On termine le concert sur une brochette explosive : « Unfuck The World » et « How I Could Just Kill A Man ». Ce dernier étant un célèbre titre du premier album de Cypress Hill (1991) repris des années plus tard par RATM, il marque à la fois l’amitié liant ces deux formations depuis bien des années mais également l’influence qu’a pu exercer la première sur la seconde. Et pour achever les Parisiens, on ne pouvait pas passer à côté de deux incontournables, mainte fois repris par d’autres artistes : il est en effet probable que les habitués des concerts aient vu ces titres joués par Parkway Drive, Le Bal des Enragés, etc. « Bulls On Parade » et « Killing In The Name » sont donc les clous du spectacle. L’équipe de sécurité est déjà bien occupée par les slammeurs mais ils n’auront rien vu pour ces titres, climax du concert, où l’excitation sera à son apogée.

Brad Wilk

Que ce soit pour des convictions politiques ou non, on espère que Prophets Of Rage restera un moment dans le secteur des festivals et reviendra en salle. Car ce mélange entre hip-hop et rock, avec tous ces hits que tout le monde connait par cœur, est une solution assurée pour faire passer un moment fédérateur et plein de bonne humeur. Peu importe la génération, tout le monde peut passer une excellente soirée devant le groupe en salle pour décompresser ou dans une fête générale en festival. On ne connait pas la suite du programme pour ce super-groupe (un deuxième album ?) mais, en attendant, ils peuvent compter sur nous pour garder la rage jusqu’au prochain rendez-vous.

Setlist Prophets Of Rage :

Prophets Of Rage
Testify (reprise de Rage Against The Machine)
Take The Power Back (reprise de Rage Against The Machine)
Guerilla Radio (reprise de Rage Against The Machine)
Living On The 110
Hail To The Chief
Bombtrack (reprise de Rage Against The Machine)
Fight The Power (reprise de Public Ennemy)
Hand On The Pump (reprise de Cypress Hill)
Can’t Truss It (reprise de Public Ennemy)
Insane In The Brain (reprise de Cypress Hill)
Bring The Noise (reprise de Public Ennemy)
I Ain’t Goin’ Out Like That (reprise de Cypress Hill)
Welcome To The Terrordome (reprise de Public Ennemy)
Jump Around (reprise de House of Pain)
Sleep Now In The Fire (reprise de Rage Against The Machine)
Like A Stone (reprise de Audioslave)
V.H.
Know Your Enemy (reprise de Rage Against The Machine)
Bullet In The Head (reprise de Rage Against The Machine)
Legalize Me
Unfuck The World
How I Could Just Kill A Man (reprise de Cypress Hill)
Bulls On Parade (reprise de Rage Against The Machine)
Killing In The Name (reprise de Rage Against The Machine)

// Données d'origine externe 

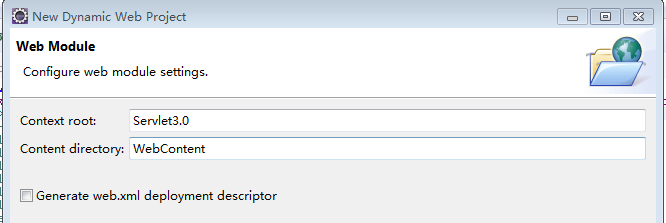首先创建一个名为Servlet3.0的Dynamic Web Projct项目,Dynamic web module version选择3.0,并且勾选上Generate web.xml deployment descriptor: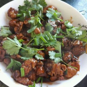 下油放姜片,排骨下锅放老抽炒至偏黄,下糖醋番茄酱,加水燜15分钟左右收汁,最后撒上香菜葱花

Report et photos : Matthis Van der meulen



Laisser un commentaire

  • Je vous trouve un peu dur avec Nova Twins, que j’ai trouvé largement mieux que DJ Lord en terme d’ambiance.
    Parce que ses 20 minutes de mix (et pas 10 comme vous l’avez dit) c’est long et je trouve que ça a plus refroidi l’ambiance qu’autre chose à part sur les chanson de MJ ou Metallica !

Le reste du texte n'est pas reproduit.